Write the records out exactly as shown. No pictures.

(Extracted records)
╔══

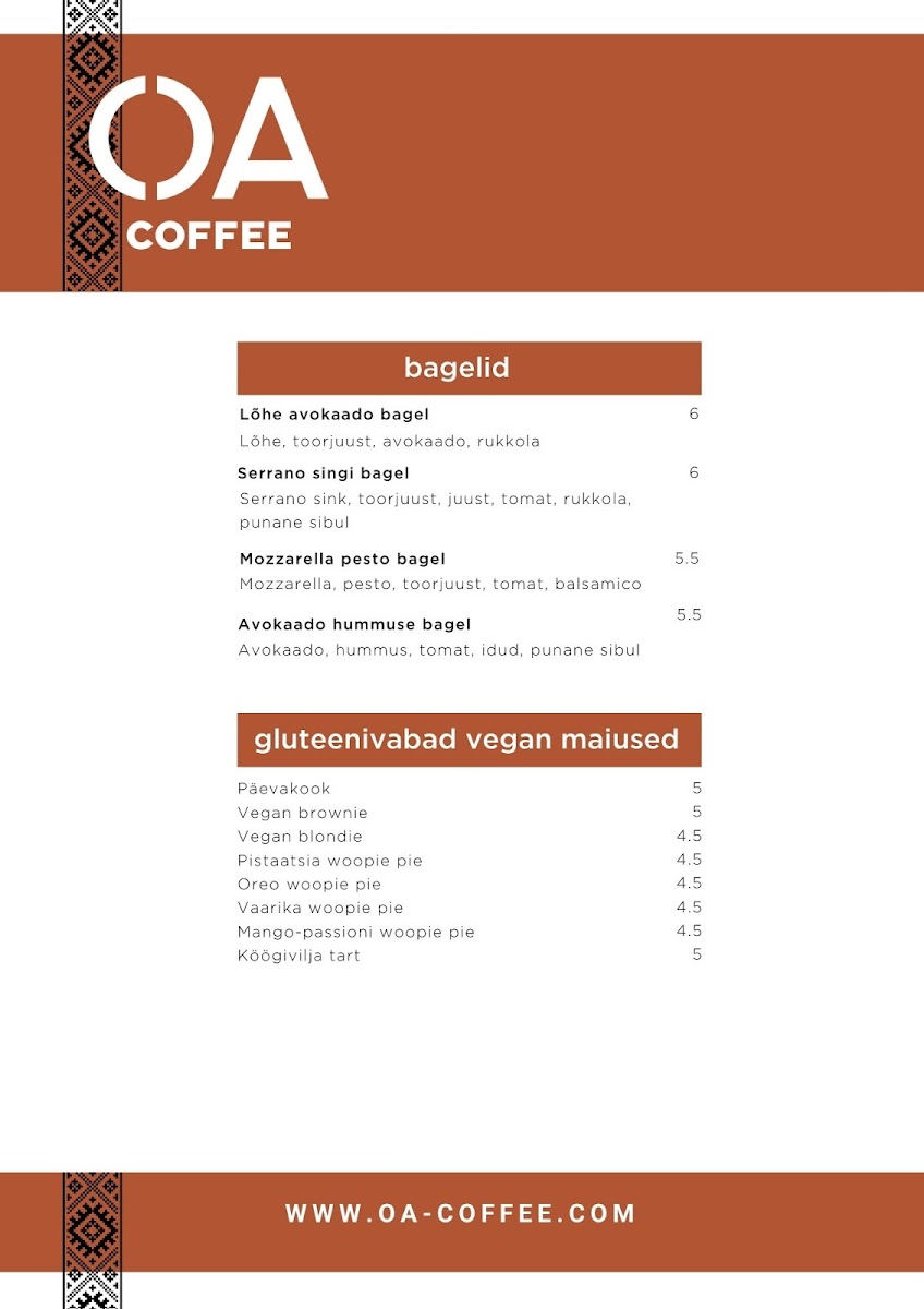 OA Coffeeshop Menu
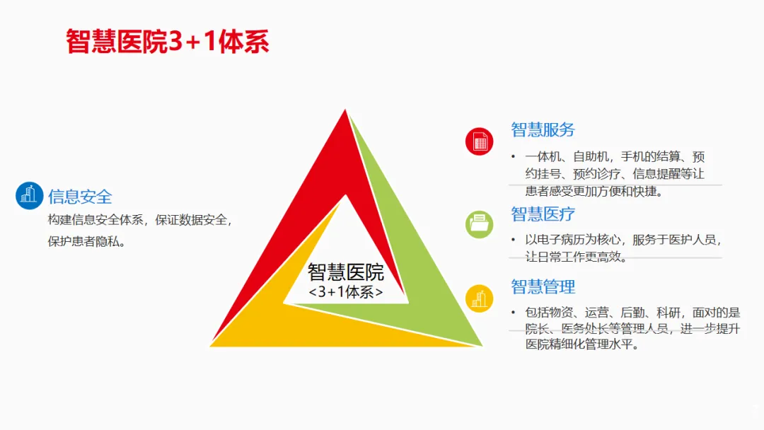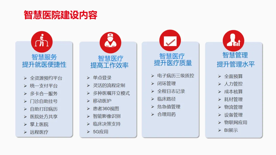 方案提出智慧医院建设以 “3+1” 体系为核心,即智慧医疗、智慧服务、智慧管理加信息安全保障,从就医、诊疗、管理多维度落地。智慧服务通过线上线下融合模式,实现预约挂号、诊间支付等全流程便捷服务,还推出智能机器人导诊、多卡合一等创新形式;智慧医疗依托电子病历、智能影像识别等技术,实现临床诊疗的智能化与高效化,其中智能病案管理特征识别准确率超 98%,危急值实时管控实现诊疗质量全流程把控;智慧管理则通过全成本核算、人力资源精细化管理、管理驾驶舱等,实现医院人财物的一体化管控,同时集团化医院可通过统一采购、预约、床位调度等中心,发挥规模优势,降低运营成本。
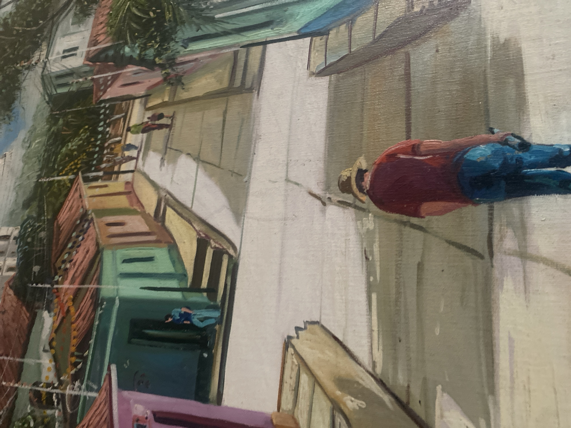 An impressionistic painting presents a street scene with vibrant, albeit somewhat distorted, architecture
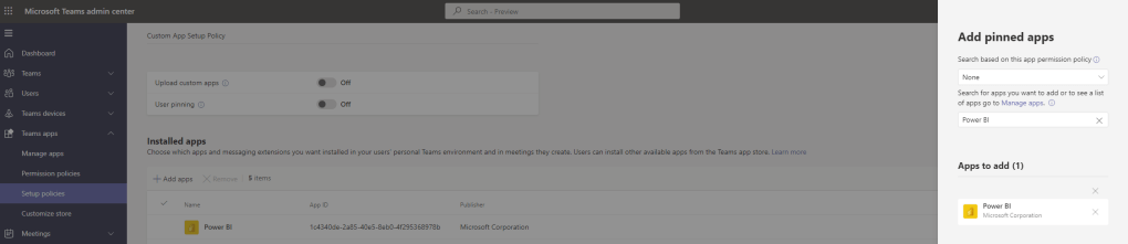 10.) Rinse and Repeat until complete. This example searches for and selects Power BI, Praise, Approvals and Forms which are four apps which users to be able to use as Messaging extensions in their Teams conversations and private chats
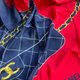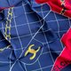 中古Chanel 近新保存品大絲巾,這條的圖案大家應該不會陌生,上面印有經典深藍Classic Flap,紅藍拼色很好配襯,連原裝包裝,超級新非常順滑的一條。這條可以裱起來放在家裡做絲巾畫,非常有特色!
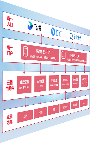 对协作平台提供支持服务,,,支持企业应用与协作平台对接,,,包含组织同步、、、、消息集成、、待办集成等。。。。支持目前主流的协作平台:钉钉、、、、企微和飞书。。。。

╚══

**Reply to the task**
 OA Coffeeshop Menu
 方案提出智慧医院建设以 “3+1” 体系为核心,即智慧医疗、智慧服务、智慧管理加信息安全保障,从就医、诊疗、管理多维度落地。智慧服务通过线上线下融合模式,实现预约挂号、诊间支付等全流程便捷服务,还推出智能机器人导诊、多卡合一等创新形式;智慧医疗依托电子病历、智能影像识别等技术,实现临床诊疗的智能化与高效化,其中智能病案管理特征识别准确率超 98%,危急值实时管控实现诊疗质量全流程把控;智慧管理则通过全成本核算、人力资源精细化管理、管理驾驶舱等,实现医院人财物的一体化管控,同时集团化医院可通过统一采购、预约、床位调度等中心,发挥规模优势,降低运营成本。
 An impressionistic painting presents a street scene with vibrant, albeit somewhat distorted, architecture
 10.) Rinse and Repeat until complete. This example searches for and selects Power BI, Praise, Approvals and Forms which are four apps which users to be able to use as Messaging extensions in their Teams conversations and private chats
 中古Chanel 近新保存品大絲巾,這條的圖案大家應該不會陌生,上面印有經典深藍Classic Flap,紅藍拼色很好配襯,連原裝包裝,超級新非常順滑的一條。這條可以裱起來放在家裡做絲巾畫,非常有特色!
 对协作平台提供支持服务,,,支持企业应用与协作平台对接,,,包含组织同步、、、、消息集成、、待办集成等。。。。支持目前主流的协作平台:钉钉、、、、企微和飞书。。。。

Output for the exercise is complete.